Я осталась помочь с посудой. Не потому, что меня попросили. Меня как раз никто не просил. Просто руки сами взялись за дело — так легче, когда не знаешь, куда себя деть.

— Марина, ты бы шла, — сказала Валентина, заглянув на кухню. — Устала небось. Мы тут сами.

— Ничего. Домою.

Она постояла в дверях, вытирая руки о фартук — мамин фартук, отметила я про себя, но ничего не сказала. Валентина жила с отцом последние восемь лет. Официально они расписались года четыре назад, когда его первый раз положили в больницу. Тогда это казалось разумным: кому-то надо было оформлять документы, дежурить, носить передачи. Я жила в другом городе, приезжала раз в два-три месяца. Она была рядом.

— Ну как знаешь, — сказала Валентина и ушла.

Я осталась одна. Вода остывала, свёкла оседала на дне таза бордовым илом. За стеной, в комнате, слышались голоса — Валентина и её сын Олег. Он приехал вчера, к похоронам. Высокий, рыхлый, с вечно недовольным лицом человек лет тридцати пяти, который всю жизнь искал, кто ему должен.

Дверь на кухню была приоткрыта. Не нарочно — просто не закрывалась плотно, косяк повело ещё в те годы, когда я тут жила. Голоса доносились ясно, будто я стояла рядом.

— …всё, отмучились, — говорил Олег. — Слава богу. Я думал, он ещё месяц протянет.

— Тише ты, — шикнула Валентина.

— А чего тише? Все ушли. Эта на кухне гремит.

Я замерла с салатницей в руках. Вода капала с локтя на пол.

— Документы-то все в порядке? — спросил Олег. — Точно всё оформлено?

— Всё, всё. Ещё в марте. Я же тебе говорила.

— В марте он уже плохой был.

— Тем лучше, — сказала Валентина, и голос у неё был спокойный, будничный, каким обсуждают, что сварить на завтра. — Подписал и подписал. Нотариус приезжал на дом. Николай ручку-то держал еле-еле, я ему помогала.

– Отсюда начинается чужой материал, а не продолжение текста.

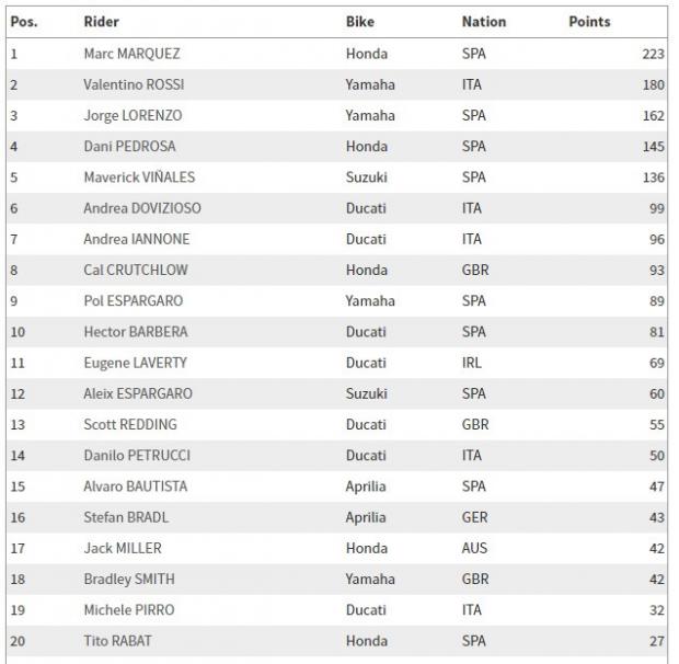 Các vị trí sau đó lần lượt thuộc về Lorenzo, Marquez, Vinales, Dovizioso… Vinales là tay đua bị phạt lùi 1 vị trí trong chặng đua này nhưng sau đó vẫn vượt qua Dovizioso để dành vị trí thứ 5 chung cuộc, trong khi đó chỉ có 3 tay đua bị loại. Tay đua Jack Miller không tham gia chặng đua này do chấn thương tay chưa hồi phục trong ngày phân hạng trước đó.

— А эта? — Олег понизил голос, но всё равно было слышно. — Марина. Не докопается?

— Да с чего? Дарственная — это тебе не завещание. Оспорить дарственную — это надо в суд, это надо доказывать. А что она докажет? Что была за тыщу километров и приезжала два раза в год?

У меня похолодели руки. Не от воды — вода была ещё тёплой.

Дарственная. Отец подарил кому-то квартиру. Валентине. Ту квартиру, в которой я выросла. В которой мама умерла. В марте.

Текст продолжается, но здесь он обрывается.